Der Vergleich der D-A-CH-Zahlen zeigt leider auch, dass die Unfall- und Verletzungszahlen von Kindern und Jugendlichen in Deutschland höher sind als in Österreich oder der Schweiz. Das bedeutet: Deutsche Kinder unterliegen einem signifikant höheren Risiko, sich bei Sport und Bewegung zu verletzen oder zu verunfallen, als Kinder Österreich und der Schweiz.
Dies – so die Vermutung – liegt an dem unterschiedlichen Stellenwert, den Sportunfallprävention in den DACH-Ländern hat: In der Schweiz forscht und kommuniziert die BFU seit über 75 Jahren an Unfallprävention; sie ist aus dem Schweizer Gemeinwesen nicht wegzudenken. Pro Jahr stehen in der Schweiz – auf gesetzlicher Grundlage – umgerechnet knapp 2 Euro pro Bürger*in für Sportunfallprävention zur Verfügung.

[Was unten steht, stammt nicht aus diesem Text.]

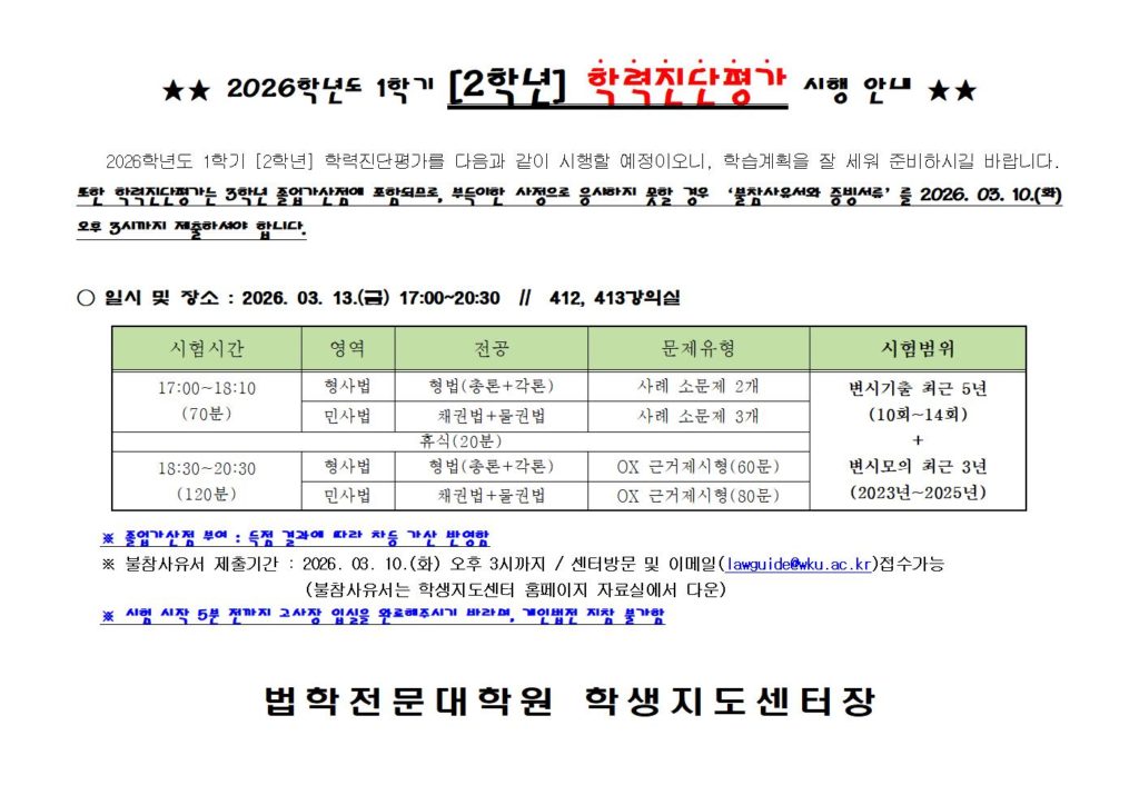 공지사항 홈공지사항공지사항 [일정 확정] 2026학년도 1학기 2학년 학력진단평가 시행 안내 [일정 확정] 2026학년도 1학기 2학년 학력진단평가 시행 안내 학생지도센터2026-03-05 페이스북 트위터 구글플러스 이메일 프린트 이전공지사항다음
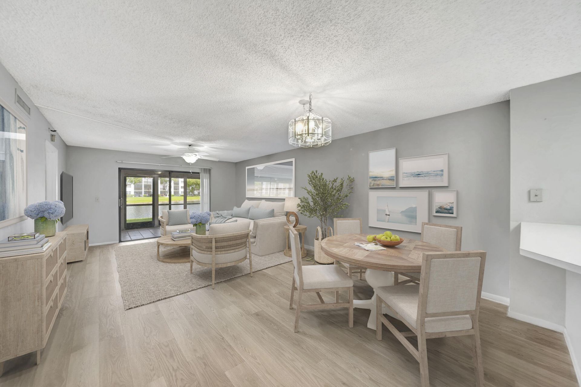 Live in a beautifully maintained community with serene lake views from your living room & screened patio. This spacious 2-bed, 2-bath residence features stunning Mexican tile flooring throughout and includes a dedicated laundry room & abundant storage space. The expansive open floor plan is ideal for entertaining, complemented by a large eat-in kitchen. The primary suite offers direct access to the patio, tranquil water views, & a generous walk-in closet. A well-sized second bedroom & guest bath provide comfort & flexibility for visitors. Residents enjoy access to a variety of amenities, including a swimming pool, basketball & tennis courts, car wash areas, and a clubhouse, all perfect for a social lifestyle. Don't miss this rare first-floor unit- ready for you to make it your own!
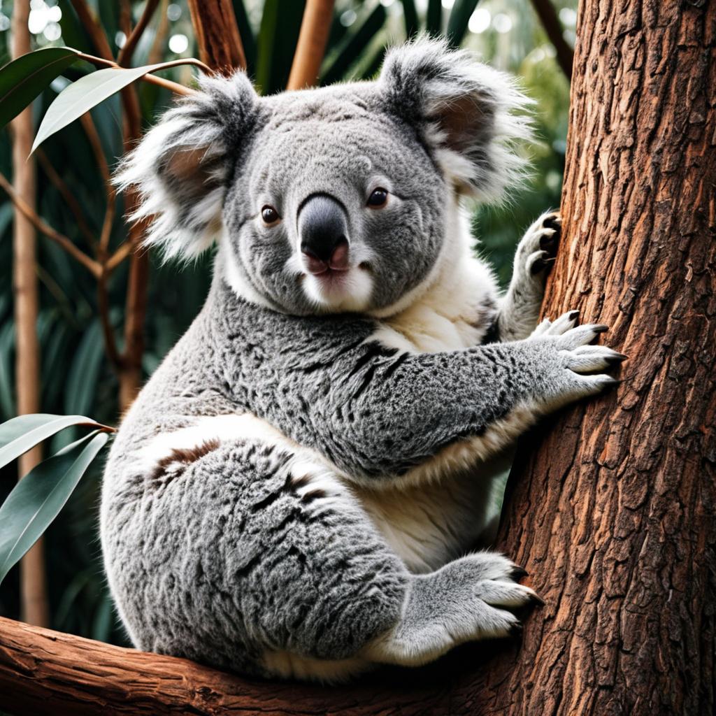 A super fat koala with a round, oversized body, full of personality and charm. The hugging a tree emphasizes its plumpness, with soft, fluffy fur and a relaxed expression. Rendered in a realistic, the scene captures the cozy and lovable appeal of a very large, contented cat, adding a playful and lighthearted vibe to the artwork.

In Österreich nimmt das mit öffentlichen Mitteln finanzierte KFV (Kuratorium für Verkehrssicher-heit) diese wichtige Schnittstelle ein. Beide Organisationen erarbeiten wissenschaftlich begründete Maßnahmen und rollen sie aus. In Deutschland fehlt bisher eine zentrale Organisation für Sportunfallprävention. Auch die Förderung der Thematik durch die öffentliche Hand beträgt nur einen winzigen Bruchteil gegenüber dem Ausland. Die Studienergebnisse zeigen die Notwendigkeit auf, diese Leerstelle endlich zu füllen.
Wie können Unfälle verhindert werden?
Wie können Unfälle verhindert werden?
Die Studie stützt deutlich die Gewissheit: Sportunfälle sind kein Pech, sondern lassen sich vermeiden. Wenn – wie dargestellt – rund 85% der Unfälle und Verletzungen vermeidbar sind, würden rund
890.000 Kinder jährlich keinen Unfall erleiden. 890.000mal weniger Schmerzen, Leid, Ängste und Sorgen. Jeder einzelne Unfall ist einer zu viel!
Die Stellschrauben zur Prävention sind zusammengefasst:
- Bewegungsförderung der Kinder, damit sie ihre Möglichkeiten kennen und einschätzen lernen, Risiken und Gefahren erkennen und damit umgehen können.
Dazu bedarf es:
- sicherer Sporträume in ausreichendem Maße,
- geschulter Betreuer*innen und Übungsleiter*innen
- eines Bewusstseins für Prävention zu, Sportunfällen einschließlich Aufklärung über Gefährdungen
- eines Bewusstseins für die Sinnhaftigkeit baulicher und technischer Qualitätsstandards,
- eines Bewusstseins für die Verwendung von Schutzausrüstung.
Das Fazit aus der Studie ist gleichermaßen bedrückend wie hoffnungsfroh: Die Anzahl der verunfallten und verletzten Kinder ist mit rund einer Million – insbesondere in einem „Corona-Jahr“ – alarmierend hoch. Jedoch existieren Ansatzpunkte, um die Anzahl und Schwere deutlich zu reduzieren.